И лишь просил Родовита вернуть ему меч и коня, Степунка. И Ягде позволить его проводить до столбов Перуновых, как тогда — как когда-то.
А Родовит с подушек на это довольно кивал:
— Все три просьбы твои исполню! А ты уж мою исполни единственную! — и улыбался Кащею.
А Кащей в первый раз улыбнулся тогда, когда в сундуке Родовита меч свой увидел. Не улыбнулся — весь просиял — или это сиянье меча на смуглом его лице отразилось? Будто горные ледники, так сверкал его меч. Будто улыбка Симаргла. И Кащей губами коснулся меча. И когда на крыльцо они с Ягдою вышли, еще раз с волнением коснулся.
Всё не понравилось Ягде — и голос отца, холодный, скрипучий, и свет из глаз — белый и колкий, и улыбка его, не округлая, щедрая — спелым колосом, а прямая и быстрая — разящей стрелой.
— Не пущу! Никакого благословения не хочу! Не пущу! Нельзя человеку в небесный сад! Боги накажут! — так сначала сказала — на высоком крыльце, а потом, когда они до конюшни дошли: — Послушай, он что же… наесться этими яблоками и будет жить вечно? — и потом, когда торбу с овсом на Степунка одевала: — А мы ему этих яблок не отдадим! — и когда гриву ему на прощанье чесала: — Кащей! Поклянемся друг другу, что яблоки эти сами съедим! — и обернулась, и строго в глаза посмотрела.
— Но он же без яблок благословения не даст!
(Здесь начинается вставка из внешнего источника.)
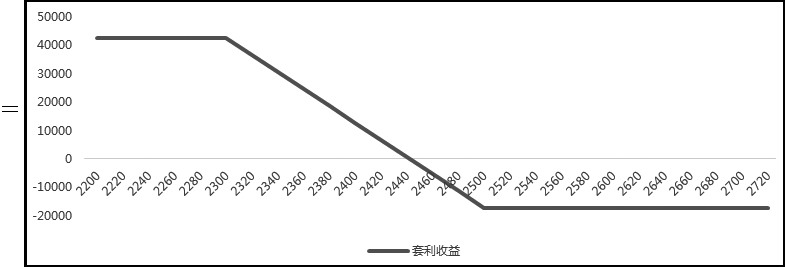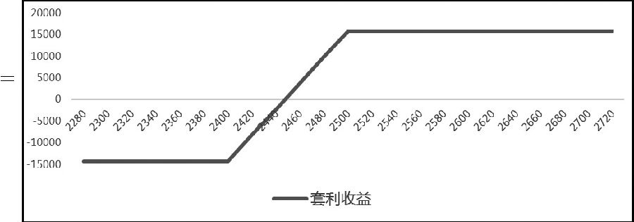 表为中证1000股指期权领口策略到期盈亏 代入具体数据:持有1手股指期货多头IH2311,持仓成本为开盘价2452.8元/点;按照6.2元/点买入3手行权价为2400元/点的11月份上证50看跌股指期权(HO2311P2400);按照11.6元/点卖出3手行权价为2500元/点的11月份上证50看涨股指期权(HO2311C2500),组合中收到权利金。 因此,当交割价在2400元/点下方,套利出现最大亏损14220元;当交割价在2400元/点到2500元/点之间,套利盈亏满足线性关系;当交割价在2500元/点上方,存在无风险套利15780元。
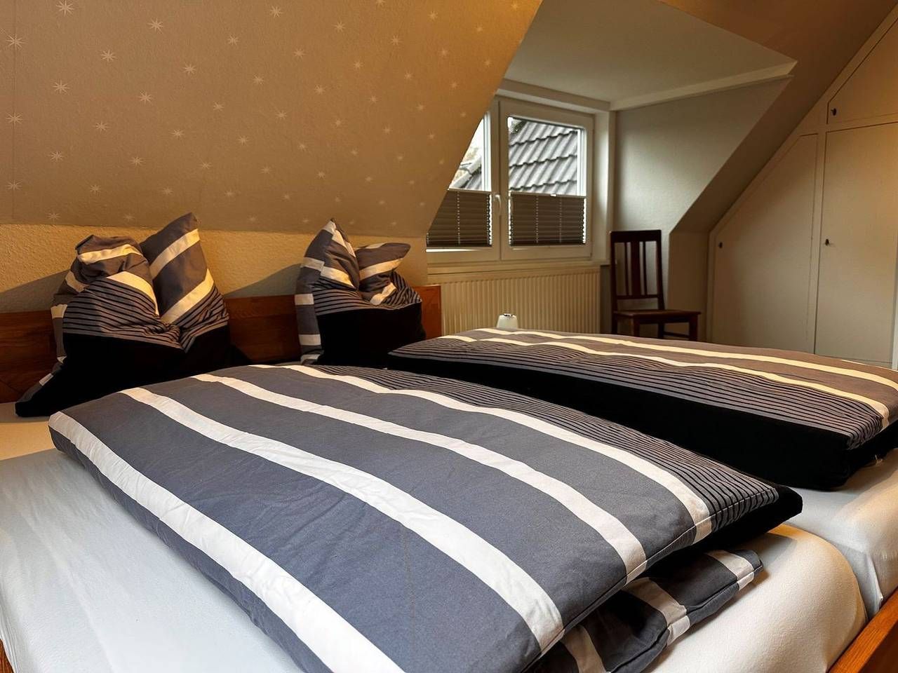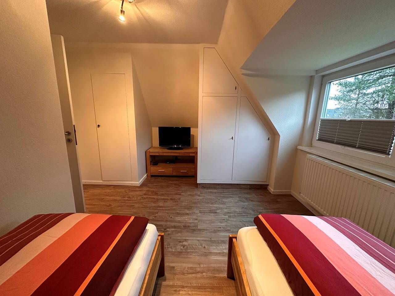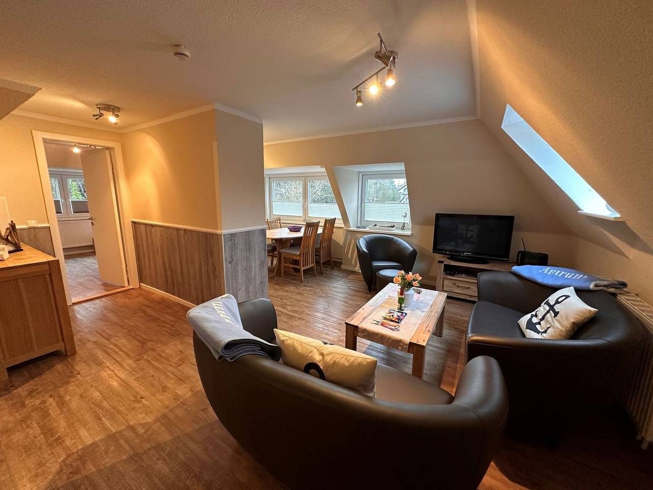 Unsere Ferienwohnung ist hell, modern und komfortabel für bis zu 4 Personen mit Liebe zum Detail eingerichtet. Sie verfügt über ein Wohnzimmer mit Essbereich, in den die volleingerichtete offene Küche integriert ist. Einem Schlafzimmer mit Doppelbett, einem Schlafzimmer mit zwei Einzelbetten, einem Badezimmer mit Dusche, WC und Waschbecken. Des weiteren finden Sie eine Spülmaschine, Wasserkocher, Toaster, Kaffeemaschine etc., Fön, 2 LCD Fernseher, DVD - Player, Musikanlage, WLAN und ein Telefon zur freien Benutzung. Bettwäsche und Handtücher werden gestellt, Inklusive Endreinigung. Ihre eigene Terrasse mit Gartenmöbeln und Strandkorb laden zum Verweilen ein. Ein Parkplatz befindet sich direkt am Haus.
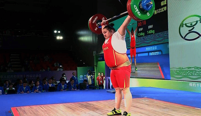 挺举环节,李雯雯的开把本来是175公斤,但她决定降低到167公斤,降低了8公斤之后李雯雯举的非常轻松,很稳也直接以311公斤的总成绩,来到第一名,开把就已经领先第二的孟苏平15公斤。主要对手最后一次试举,都不敢挑战超越李雯雯的总重量,孟苏平拿下银牌,而李雯雯更是提前夺冠。李雯雯第二把176公斤成功,比心庆祝,李雯雯的第三把直接放弃,拿下了全运会首金。

— А он и с яблоками не даст! Послушай! А мы их подменим! Он разве был в небесном саду? Никогда ни один человек там не был! Что дадим отцу, то и съест!
— Нет! Ты шутишь! — и осторожно ее волос коснулся, живых, подвижных, волнистых. А глаза у Ягды были цвета небесной реки — наверно, наверняка. И он сказал без голоса и без губ: «В твоих глазах вечность — без всяких яблок!»
А Ягда словно бы услыхала:
— Без тебя мне не нужно вечности!
И он тоже ответил голосом и губами:
— Без тебя мне не нужно и дня!
Сначала им показалось, что это вздохнул Степунок, что он по дальней дороге истосковался. А потом, когда вздох повторился и они обернулись — это было невероятно: на спине Степунка сидела Фефила, серьезная и нахохленная. Двумя пятипалыми лапками она держала поводья.
— Фефила поедет со мной? — улыбнулся Кащей.
И Ягда радостно закричала:
— Фефила! Ты знаешь туда дорогу? Ну, конечно, ты же в этом саду родилась!
Вместо ответа зверек снова вздохнул: дети есть дети, они радуются всему — тому, что сейчас им рядом скакать — пускай так недолго… А им кажется: долго! разлука еще не скоро! И похлопывая коней, и забираясь на них, и вот уже проносясь через Селище, они радуются и спешат, навстречу сами не зная чему.
Жар их увидел издалека, и коней их узнал — Степунка и отцова, буланого — и в высокой траве притаился. Если от ярости искры сами собой из пасти не выскочат, значит, не выдаст себя ничем. Отсидится в траве, отлежится, червей и личинок наковыряет и ближе к ночи дальше пойдет. В Селище Жар решил среди ночи войти, так надежнее будет. И опять выглянул из травы.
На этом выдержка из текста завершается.